The Digital Enterprise Management Society relocated its annual Young Entrepreneurs’ Conference from UTM to the MaRS Discovery District in downtown Toronto to celebrate its fifth year earlier this month.
The sold-out event, hosted on February 6, featured several companies and organizations, including Robert Half Technology, OneMethod, Buzzfeed, Amazon, ASUS Canada, Deloitte Digital Canada, and IBM, as well as UTM’s I-CUBE.
The MaRS Discovery District is a non-profit organization dedicated to helping entrepreneurs expand their innovative businesses.

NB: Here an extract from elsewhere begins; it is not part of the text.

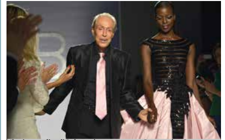
Il primo atelier di Balestra è stato aperto a Roma nel 1961.

NAPOLI - Tra i nomi che hanno reso grande la moda made in Italy c'è quello di Renato Balestra che, con la sua creatività pittoresca e il suo ecletticismo, ha dato vita tanto ad abiti da passerella quanto a costumi per gli spettacoli operistici. Questi sono i nuclei principali della mostra "Celeblueation", inaugurata ieri alla Certosa e Museo di San Martino di Napoli. Sebbene di nascita triestina, lo stilista ha sempre apprezzato Napoli tanto da rivelare che da ragazzo amava questo mare (forse il suo Blu Balestra trae origine proprio da qui). Fino al 18 giugno i visitatori potranno ripercorrere l'evoluzione dello stile del couturier, osservando oltre 250 tra bozzetti, abiti e disegni da lui scelti tra quelli ideati nell'arco della sua lunga carriera. La mostra, inoltre, è composta anche da una sezione inedita, dedicata alle opere realizzate da Balestra durante i suoi esordi, e da uno spazio che affianca i costumi di scena - tra i quali quelli realizzati per "Il Lago dei Cigni" del Teatro dell'Opera di Belgrado.

“The focus of this year was to bring YEC to all students, instead of just UTM students,” said YEC chair Yu Qi Sun, who hopes the event next year is even bigger.
During the IBM Case Challenge, three groups proposed an idea for an app that would use services from IBM Bluemix, the latest cloud platform from IBM. Groups presented ideas suggesting a real-time messaging system for the company Lumicison, a security system called Sherlock Securities Inc. to ensure added safety when storing one’s documents, and an app that can help one determine the correct fit and appearance for clothes when shopping, called PerfectFIT.
Lanny Geffen, VP director of strategy and user experience from OneMethod, spoke about the world’s need for designers and was one of many who talked about data in communications and technology.
“The user of design is not you. We use the designer’s sensibility to design for the customer’s need,” said Geffen. “Learn from what’s already out there. Data may make a design good, but it will never make a bad design good.”
Graham Churchill, Bluemix Leader at IBM Canada, also spoke about the importance of data and innovation in the economy.
“Data is the raw material that will drive the economy,” said Churchill. “It is reinventing the manufacturing, automobiles, and energy industries.”
ICCIT Council president Ray Khan also hosted a panel discussing entrepreneurship with Laurie Dillon-Schalk, VP of strategy and insights at Fuse Marketing Group; Niles Lawrence, the CEO of VURU; and Amanda Lynne Ballard, founder and producer of anicca studios.
“You never know where opportunities will come,” said Ballard. “Always say yes first and fake it till you make it. If you have the entrepreneurial spirit, you’ll figure out how to do it.”